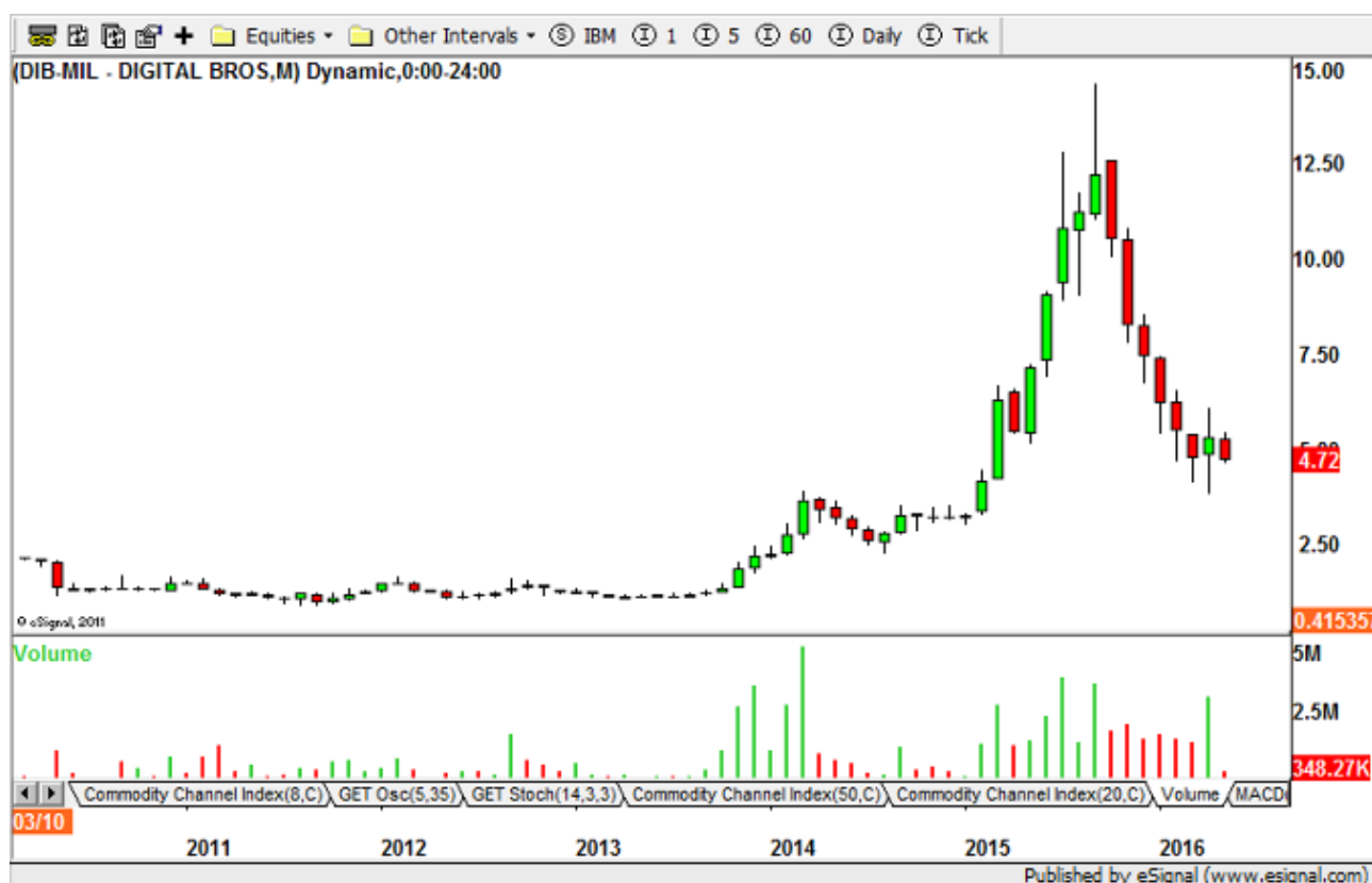
Figure 1: Digital Bros monthly chart

Il grafico qui sopra è un mensile dell'azione Digital Bros. alcuni si staranno chiedendo se si tratti di un'azione quotata al Nasdaq magari, e invece no. E' un'azione quotata a Milano con sede a Milano, di proprietà italiana ma presente nei principali centri nevralgici della tecnologia nel mondo. Quindi un ottimo esempio di capacità italiana del fare e dell'essere intraprendenti.
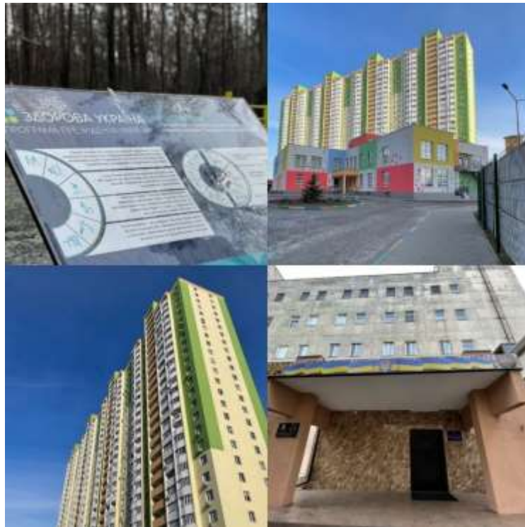
Рис.5. Громадський центр «Атлант» (* складено автором)
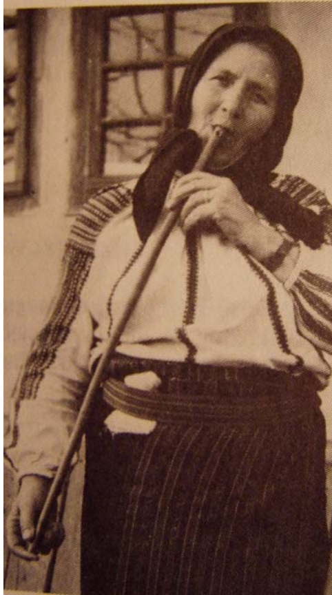
csilinkán játszó csángó asszony

fűzfatilinkóknak . A különbség az, hogy a csilinkába nem tesznek fából faragott dugót, hanem a zenész a saját nyelvét használja dugóként, azzal irányítja a befújt levegőt a szélhasító peremére.
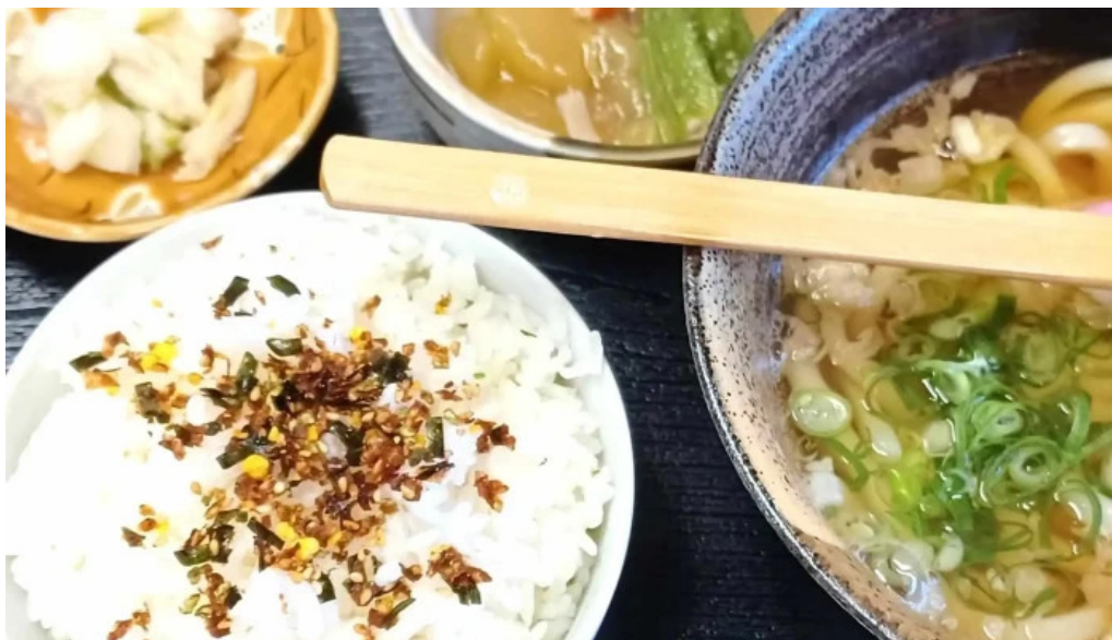
お食事処 加賀屋 電話
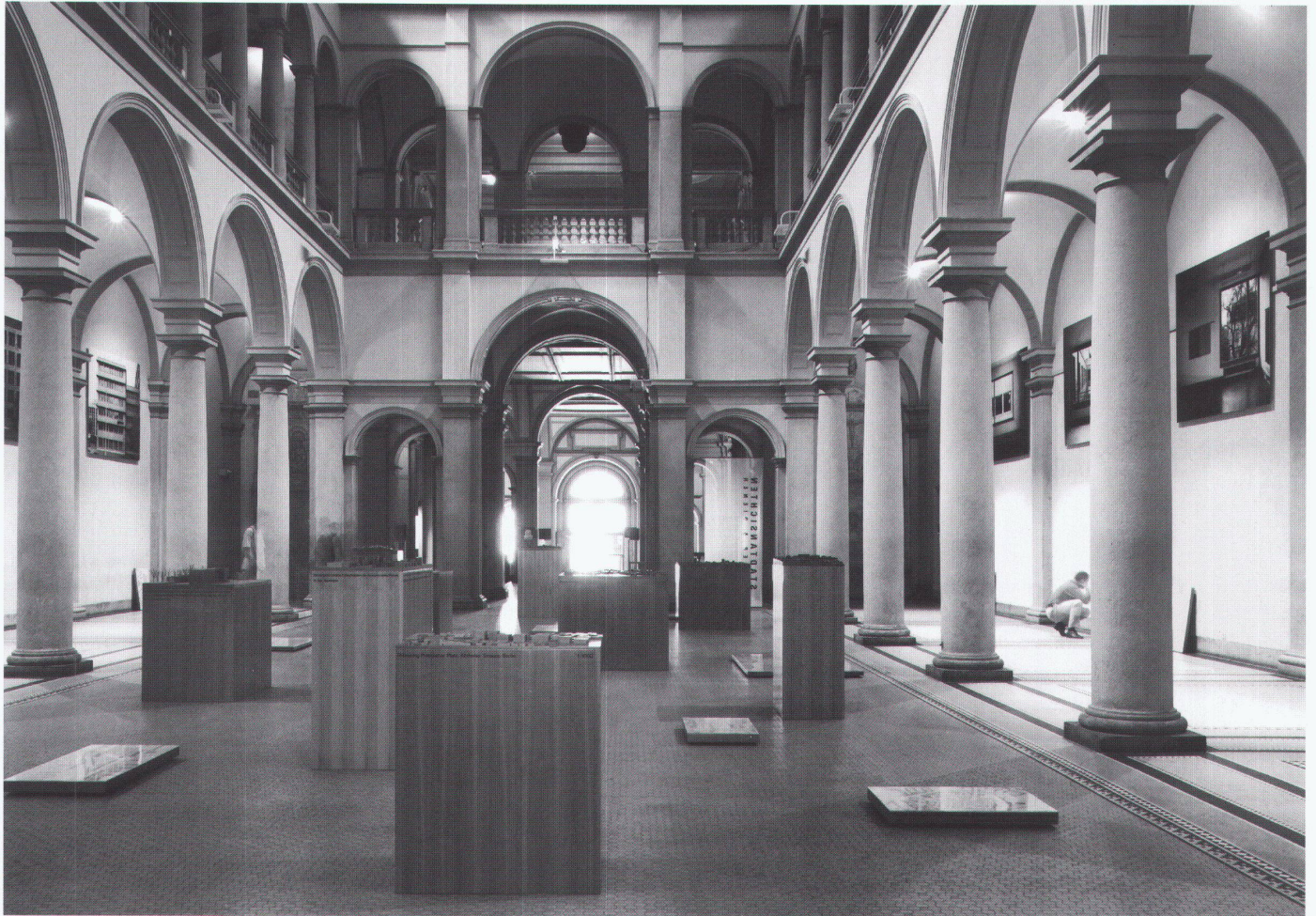
Die Ausstellungssituation als Rauminterpretation an der ETH Zürich

an. «Stadtansichten» sollte methodologisch dem Ausstellungsstandort ETH Rechnung tragen und zugleich eine Diskussion über die Darstellungsformen von Architektur anregen. So legte das Ausstellungskonzept Wert auf eine Kontinuität der Wahrnehmung der sechs Bauten, die in der grossen Bildserie fotogrammetrisch festgehalten sind: Wie ein Moebius-Band sollte das Wechselspiel von innen nach aussen und zurück die übergeordnete Thematik der urbanen Fügungs- und Formprinzipien veranschaulichen. Darin erscheint selbst die Innenaufnahme einer Fenstersituation als lokale Ausprägung in einem Wahrnehmungskontinuum, das die Beziehung von Wand und Öffnung, Form und Inhalt neu ausloten will. Zugleich stellt die Darstellungsweise den kulturellen Spannungszustand zwischen Einzelobjekt und Stadtganzem zur Diskussion.
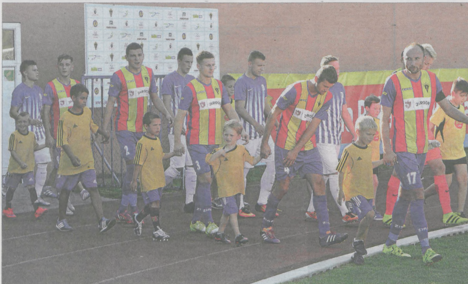
Piłkarzy na hitowy pojedynek wyprowadzali żacy Jaroty Jarocin i GKS-u Jaraczewo
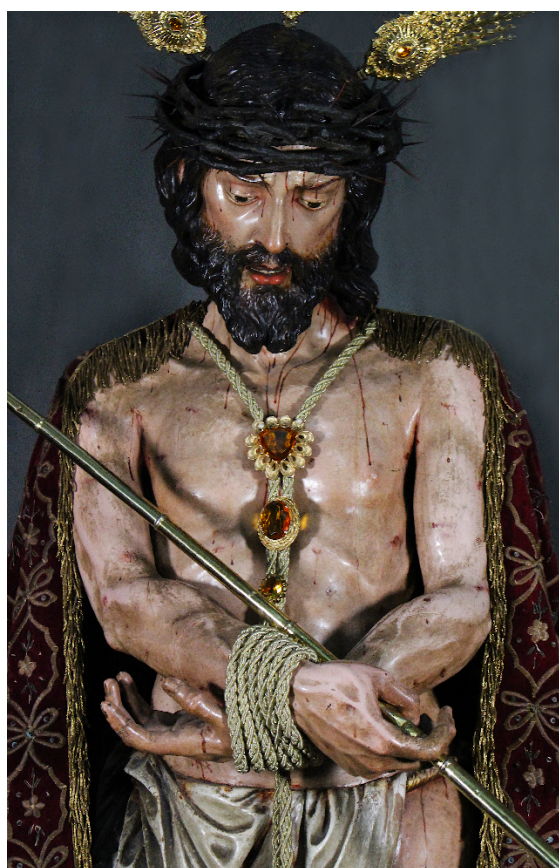
Figura 8. José Montes de Oca y León. Ecce Homo , ca. 1730. Iglesia de San Pablo de Cádiz.

Iconográficamente, podemos establecer paralelos con el célebre Ecce Homo de cuerpo entero de la Iglesia de la Conversión de San Pablo de la capital gaditana (Fig. 8), así como con el de medio cuerpo que se encuentra en la capilla de San Francisco de la Catedral de Sevilla 23 , ambos fechados en torno a 1730. El modelo iconográfico, y posición corporal, así como el tratamiento del sudario y el estudio anatómico, tienen bastantes similitudes, aunque señalamos también algunas diferencias entre ellos que pueden hacer dudar de la correcta datación o atribución. Por ejemplo, el Ecce Homo catedralicio 24 posee una posición de los brazos y manos muy expresiva con las muñecas dobladas hacia abajo, la cual no aparece ni en el carmonense ni en el gaditano, los cuales tienen una posición aún más similar. Tanto el de la capilla de San Francisco como el que aquí tratamos son imágenes de medio cuerpo, con un modelo muy similar y que se entronca con la iconografía granadina de oratorio y devoción popular, tal y como hemos mencionado anteriormente (Fig. 9).
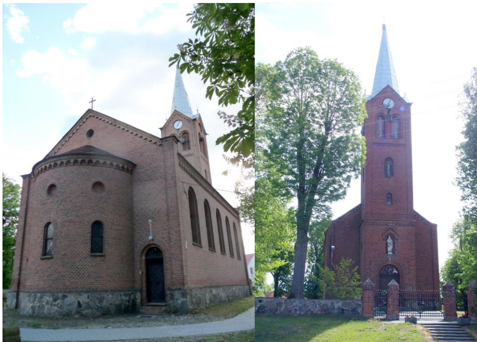
Zdjęcia nr 12, 13. Kościół ewangelicki, ob. parafialny rzymskokatolicki pw. Wniebowzięcia NMP w Sokolej Dąbrowie

────────────────────────────────────────

> _YOUR ASSIGNMENT_
Replicate the material above verbatim; images stay out of the copy.

> _ANSWER BELOW_
Figure 1: Digital Bros monthly chart

Il grafico qui sopra è un mensile dell'azione Digital Bros. alcuni si staranno chiedendo se si tratti di un'azione quotata al Nasdaq magari, e invece no. E' un'azione quotata a Milano con sede a Milano, di proprietà italiana ma presente nei principali centri nevralgici della tecnologia nel mondo. Quindi un ottimo esempio di capacità italiana del fare e dell'essere intraprendenti.
Рис.5. Громадський центр «Атлант» (* складено автором)
csilinkán játszó csángó asszony

fűzfatilinkóknak . A különbség az, hogy a csilinkába nem tesznek fából faragott dugót, hanem a zenész a saját nyelvét használja dugóként, azzal irányítja a befújt levegőt a szélhasító peremére.
お食事処 加賀屋 電話
Die Ausstellungssituation als Rauminterpretation an der ETH Zürich

an. «Stadtansichten» sollte methodologisch dem Ausstellungsstandort ETH Rechnung tragen und zugleich eine Diskussion über die Darstellungsformen von Architektur anregen. So legte das Ausstellungskonzept Wert auf eine Kontinuität der Wahrnehmung der sechs Bauten, die in der grossen Bildserie fotogrammetrisch festgehalten sind: Wie ein Moebius-Band sollte das Wechselspiel von innen nach aussen und zurück die übergeordnete Thematik der urbanen Fügungs- und Formprinzipien veranschaulichen. Darin erscheint selbst die Innenaufnahme einer Fenstersituation als lokale Ausprägung in einem Wahrnehmungskontinuum, das die Beziehung von Wand und Öffnung, Form und Inhalt neu ausloten will. Zugleich stellt die Darstellungsweise den kulturellen Spannungszustand zwischen Einzelobjekt und Stadtganzem zur Diskussion.
Piłkarzy na hitowy pojedynek wyprowadzali żacy Jaroty Jarocin i GKS-u Jaraczewo
Figura 8. José Montes de Oca y León. Ecce Homo , ca. 1730. Iglesia de San Pablo de Cádiz.

Iconográficamente, podemos establecer paralelos con el célebre Ecce Homo de cuerpo entero de la Iglesia de la Conversión de San Pablo de la capital gaditana (Fig. 8), así como con el de medio cuerpo que se encuentra en la capilla de San Francisco de la Catedral de Sevilla 23 , ambos fechados en torno a 1730. El modelo iconográfico, y posición corporal, así como el tratamiento del sudario y el estudio anatómico, tienen bastantes similitudes, aunque señalamos también algunas diferencias entre ellos que pueden hacer dudar de la correcta datación o atribución. Por ejemplo, el Ecce Homo catedralicio 24 posee una posición de los brazos y manos muy expresiva con las muñecas dobladas hacia abajo, la cual no aparece ni en el carmonense ni en el gaditano, los cuales tienen una posición aún más similar. Tanto el de la capilla de San Francisco como el que aquí tratamos son imágenes de medio cuerpo, con un modelo muy similar y que se entronca con la iconografía granadina de oratorio y devoción popular, tal y como hemos mencionado anteriormente (Fig. 9).
Zdjęcia nr 12, 13. Kościół ewangelicki, ob. parafialny rzymskokatolicki pw. Wniebowzięcia NMP w Sokolej Dąbrowie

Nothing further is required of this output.